And 2-2, if the error is completely captured, outputting a decoding sequence X, otherwise, judging that the decoding fails.

And 3, circularly moving the Z error syndrome in the Z decoding register into an error capturing circuit to decode the Z error, if the Z error sequence is detected to be completely captured, outputting a decoding sequence Z, otherwise, failing to decode, specifically:

step 3-1, circularly shifting the Z error syndrome in the Z decoding register into an error capturing circuit for decoding, circularly shifting the error syndrome, and judging whether the error is completely captured, wherein the steps are as follows:

step 3-1-1, passing through i is more than or equal to 0 and is more than or equal to r₂-l_ZAfter the second shift, if the last l in the Z error syndrome_ZThe bit check positions are not all 0, and r is in front₂-l_ZBit check positions are all 0, then the Z error is successfully captured in the first l of the Z error syndrome_ZEnding decoding, outputting a decoding result, and otherwise, entering the step 3-1-2;

step 3-1-2, passing through₂-l_Z+1≤i≤r₂After the second shift, if the last l in the shifted Z error syndrome_ZThe bit check positions are not all 0, and front r₂-l_ZBit check positions are all 0, then the Z error is successfully captured in the first l of the Z error syndrome of the shifted codeword sequence_ZEnding decoding, outputting a decoding result, and otherwise, entering a step 3-1-3;

step 3-1-3, continuing to shift the Z error syndrome until the whole cyclic shift process is completed, and if the last l in the shifted Z error syndrome_ZThe bit check positions are not all 0, and front r₂-l_ZAll 0 s, then the Z error is successfully captured in the first l of the Z error syndrome of the shifted codeword sequence_ZEnding decoding, outputting a decoding result, and otherwise, entering the step 3-1-4;

step 3-1-4, finishingA cyclic shift process if the shifted Z error syndrome is the first r₂-l_ZIf all the bit check positions are not always 0, a Z error decoding failure is returned.
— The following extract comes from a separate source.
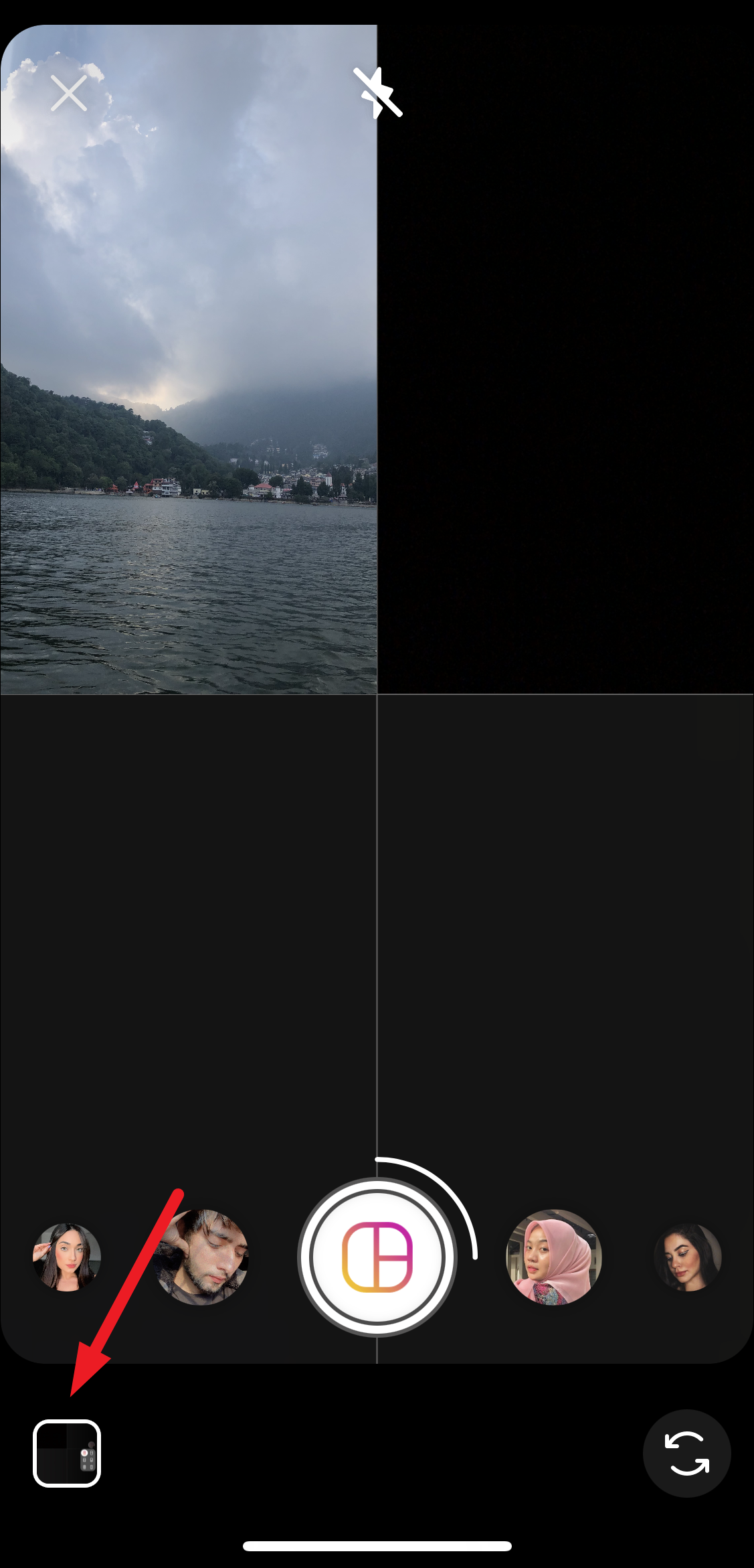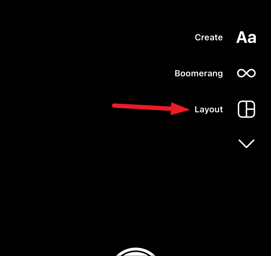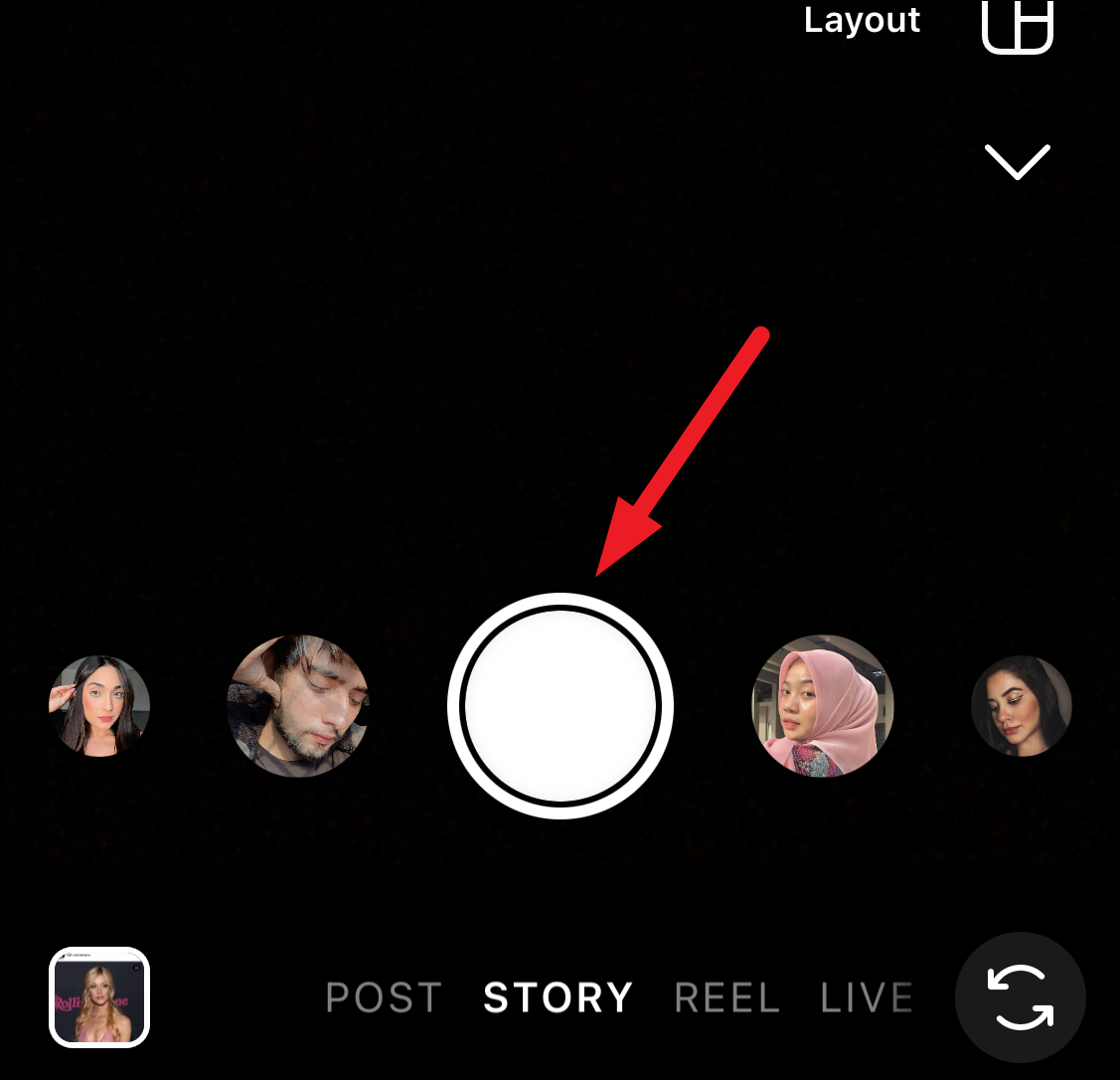 To create a collage using Layout, swipe right from the Home tab to open the screen o add a story on the left. Then, tap the ‘Layout’ option from the options on the right edge of the screen.

And 3-2, if the error is completely captured, outputting a decoding sequence Z, otherwise, judging that the decoding fails.

Step 4, if the decoders with the X error and the Z error return successful decoding, the final decoding is successful, otherwise, the decoding is failed, and meanwhile, whether degenerate errors occur is judged;

wherein the judging whether the degenerate error occurs specifically is:

if l is_X＝l₁And l_Z＝l₂Then the burst error code of quantum cycle is a non-degenerate code, otherwise it belongs to degenerate code. The degenerate code has a stronger error correction capability and can correct more burst errors than the non-degenerate code. The quantum capture decoder in step 3 can not only correct burst errors with length less than or equal to l₁And can correct for non-degenerate X errors of length greater than l₁But is less than or equal to l_XDegenerate X error of (1). Meanwhile, not only can the burst error length be corrected to be less than or equal to l₂And can correct non-degenerate Z errors of length greater than l₂But is less than or equal to l_ZDegenerate Z error of (1).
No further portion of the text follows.